Materials provided:

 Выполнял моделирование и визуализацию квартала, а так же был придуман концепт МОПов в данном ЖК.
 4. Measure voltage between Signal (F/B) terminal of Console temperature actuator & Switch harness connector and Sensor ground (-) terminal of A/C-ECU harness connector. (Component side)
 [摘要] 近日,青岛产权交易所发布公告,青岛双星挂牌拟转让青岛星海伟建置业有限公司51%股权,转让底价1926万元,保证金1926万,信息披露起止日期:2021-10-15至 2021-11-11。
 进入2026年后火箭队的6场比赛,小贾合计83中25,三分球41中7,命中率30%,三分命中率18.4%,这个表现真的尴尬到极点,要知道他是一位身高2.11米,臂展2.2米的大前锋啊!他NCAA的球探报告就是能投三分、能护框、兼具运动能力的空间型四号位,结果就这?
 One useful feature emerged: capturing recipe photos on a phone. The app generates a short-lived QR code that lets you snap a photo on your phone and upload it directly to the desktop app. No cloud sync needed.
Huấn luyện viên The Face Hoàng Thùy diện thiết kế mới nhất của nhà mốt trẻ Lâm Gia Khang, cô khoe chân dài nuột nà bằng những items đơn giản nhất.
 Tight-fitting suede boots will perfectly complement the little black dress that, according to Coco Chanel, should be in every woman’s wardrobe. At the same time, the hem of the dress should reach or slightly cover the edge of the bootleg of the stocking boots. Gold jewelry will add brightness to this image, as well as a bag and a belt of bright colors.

--

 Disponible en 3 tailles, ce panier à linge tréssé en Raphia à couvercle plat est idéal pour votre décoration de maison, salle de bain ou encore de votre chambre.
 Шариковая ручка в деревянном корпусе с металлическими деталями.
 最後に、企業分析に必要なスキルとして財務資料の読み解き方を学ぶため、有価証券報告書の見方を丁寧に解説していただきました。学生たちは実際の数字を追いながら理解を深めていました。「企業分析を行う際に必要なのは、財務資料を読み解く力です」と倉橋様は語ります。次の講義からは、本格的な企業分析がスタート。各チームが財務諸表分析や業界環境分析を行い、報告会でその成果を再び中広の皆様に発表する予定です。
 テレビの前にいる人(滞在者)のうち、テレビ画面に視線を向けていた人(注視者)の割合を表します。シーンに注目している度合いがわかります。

* * *

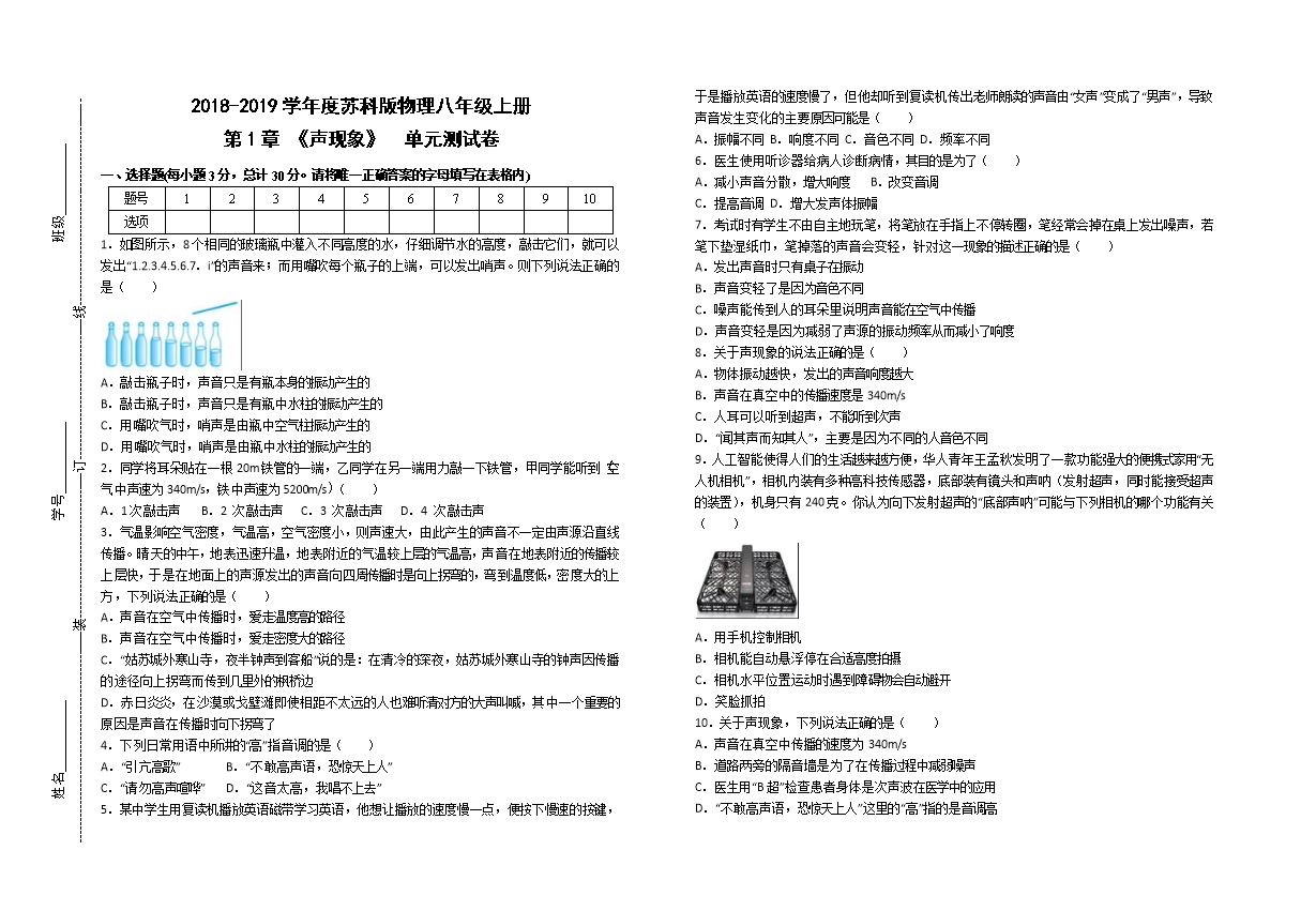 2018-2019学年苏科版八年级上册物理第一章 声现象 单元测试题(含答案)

Problem to solve:
Using the entries above, give again exactly the lines from the line holding "Huấn luyện viên" through the line holding "Tight-fitting suede boots". Include both end lines and nothing else.

Solved problem:
Huấn luyện viên The Face Hoàng Thùy diện thiết kế mới nhất của nhà mốt trẻ Lâm Gia Khang, cô khoe chân dài nuột nà bằng những items đơn giản nhất.
 Tight-fitting suede boots will perfectly complement the little black dress that, according to Coco Chanel, should be in every woman’s wardrobe. At the same time, the hem of the dress should reach or slightly cover the edge of the bootleg of the stocking boots. Gold jewelry will add brightness to this image, as well as a bag and a belt of bright colors.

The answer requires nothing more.